In the demand model, students are workers who are obligated to do a better job. Blame is leveled by saying students “chose” not to study or “earned” a certain grade — conveniently removing all responsibility from educators and deflecting attention from the curriculum and the context in which it is taught. In their evaluations, teachers report whether students did what they were supposed to do. This mind-set often lurks behind even relatively enlightened programs that emphasize performance assessment and — a common buzzword these days — outcomes. (It also manifests itself in the view of education as an investment, a way of preparing children to become future workers.)
The support model, by contrast, helps children take part in an “adventure in ideas” (Nicholls and Hazzard 1993), guiding and stimulating their natural inclination to explore what is unfamiliar; to construct meaning; to develop a competence with and a passion for playing with words, numbers, and ideas. This approach meshes with what is sometimes called “learner-centered” learning, in which the point is to help students act on their desire to make sense of the world. In this context, student evaluation is, in part, a way of determining how effective we have been as educators. In sum, improvement is not something we require of students so much as something that follows when we provide them with engaging tasks and a supportive environment.
Here are five principles of assessment that follow from this support model:
1. Assessment of any kind should not be overdone. Getting students to become preoccupied with how they are doing can undermine their interest in what they are doing. An excessive concern with performance can erode curiosity — and, paradoxically, reduce the quality of performance. Performance-obsessed students also tend to avoid difficult tasks so they can escape a negative evaluation.
2. The best evidence we have of whether we are succeeding as educators comes from observing children’s behavior rather than from test scores or grades. It comes from watching to see whether they continue arguing animatedly about an issue raised in class after the class is over, whether they come home chattering about something they discovered in school, whether they read on their own time. Where interest is sparked, skills are usually acquired. Of course, interest is difficult to quantify, but the solution is not to return to more conventional measuring methods; it is to acknowledge the limits of measurement.
3. We must transform schools into safe, caring communities. This is critical for helping students to become good learners and good people, but it is also relevant to assessment.
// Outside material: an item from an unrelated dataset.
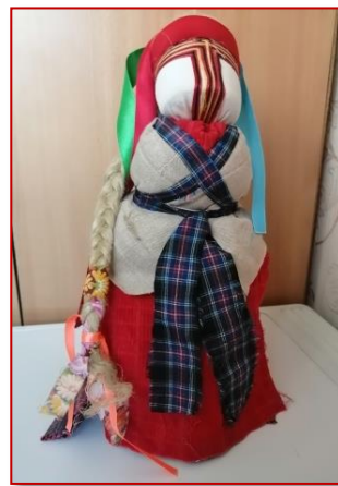
Дружка на свадьбе
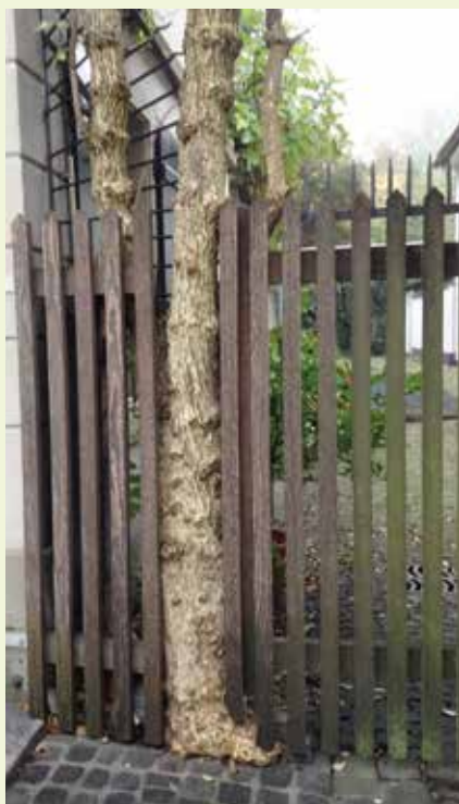
▲ Arbusto amorevolmente integrato in un cancello.

Only in a safe place, where there is no fear of humiliation and punitive judgment, will students admit to being confused about what they have read and feel free to acknowledge their mistakes. Only by being able to ask for help will they be likely to improve.
Ironically, the climate created by an emphasis on grades, standardized testing, coercive mechanisms such as pop quizzes and compulsory recitation, and pressure on teachers to cover a prescribed curriculum makes it more difficult to know how well students understand — and thus to help them along.
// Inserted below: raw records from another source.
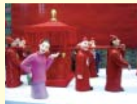
A chegada da noiva em casamento antigo chinês
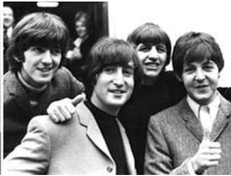
Theodor Adorno y los Beatles

de los mundos » (11), una adaptación de la famosa novela de H. G. Wells producida por Orson Wells . « El estudio de la actitud de la población hacia el programa de radio hizo posible discernir muchas
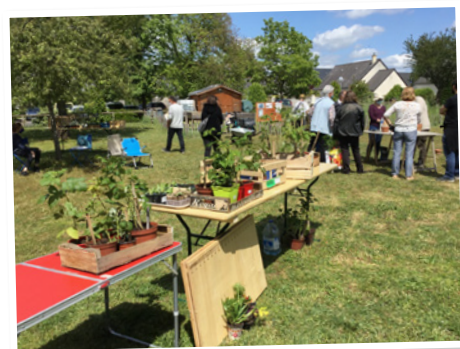
Mai : bourse aux plantes au jardin partagé.
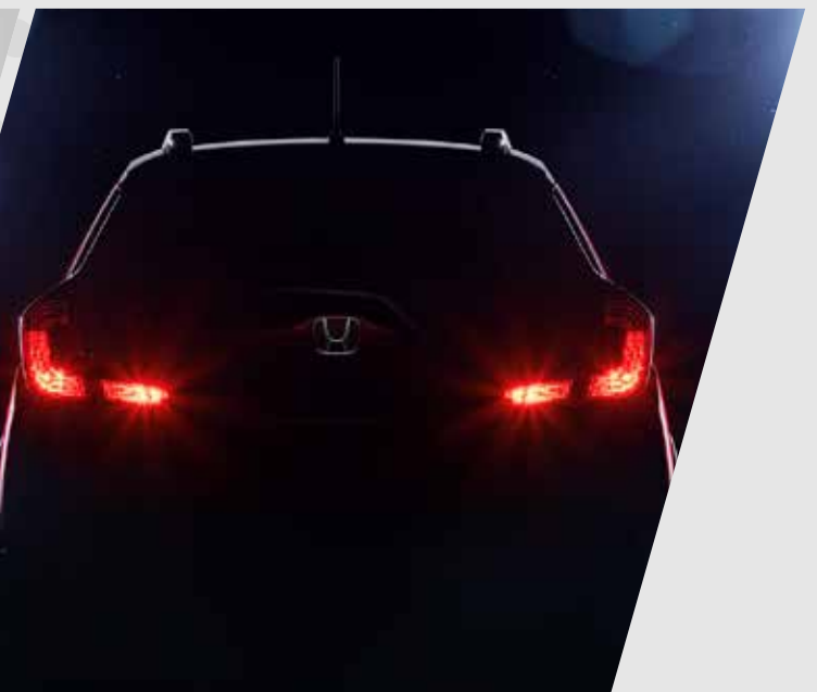
Nuevas luces de freno en LED

4. Any responsible conversation about assessment must attend to the quality of the curriculum. The easy question is whether a student has learned something; the far more important — and unsettling — question is whether the student has been given something worth learning. (The answer to the latter question is almost certainly no if the need to evaluate students has determined curriculum content.) Research corroborates what thoughtful teachers know from experience: when students have interesting things to do, artificial inducements to boost achievement are unnecessary (Moeller and Reschke 1993).
5. Students must be invited to participate in determining the criteria by which their work will be judged, and then play a role in weighing their work against those criteria. Indeed, they should help make decisions about as many elements of their learning as possible (Kohn 1993). This achieves several things: It gives them more control over their education, makes evaluation feel less punitive, and provides an important learning experience in itself. If there is a movement away from grades, teachers should explain the rationale and solicit students’ suggestions for what to do instead and how to manage the transitional period. That transition may be bumpy and slow, but the chance to engage in personal and collective reflection about these issues will be important in its own right.
And If You Must Grade …
Finally, while conventional grades persist, teachers and parents ought to do everything in their power to help students forget about them. Here are some practical suggestions for reducing the salience.
* Refrain from giving a letter or number grade for individual assignments, even if you are compelled to give one at the end of the term. The data suggest that substantive comments should replace, not supplement, grades (Butler 1988). Make sure the effect of doing this is not to create suspense about what students are going to get on their report cards, which would defeat the whole purpose. Some older students may experience, especially at first, a sense of existential vertigo: a steady supply of grades has defined them. Offer to discuss privately with any such student the grade he or she would probably receive if report cards were handed out that day. With luck and skill, the requests for ratings will decrease as students come to be involved in what is being taught.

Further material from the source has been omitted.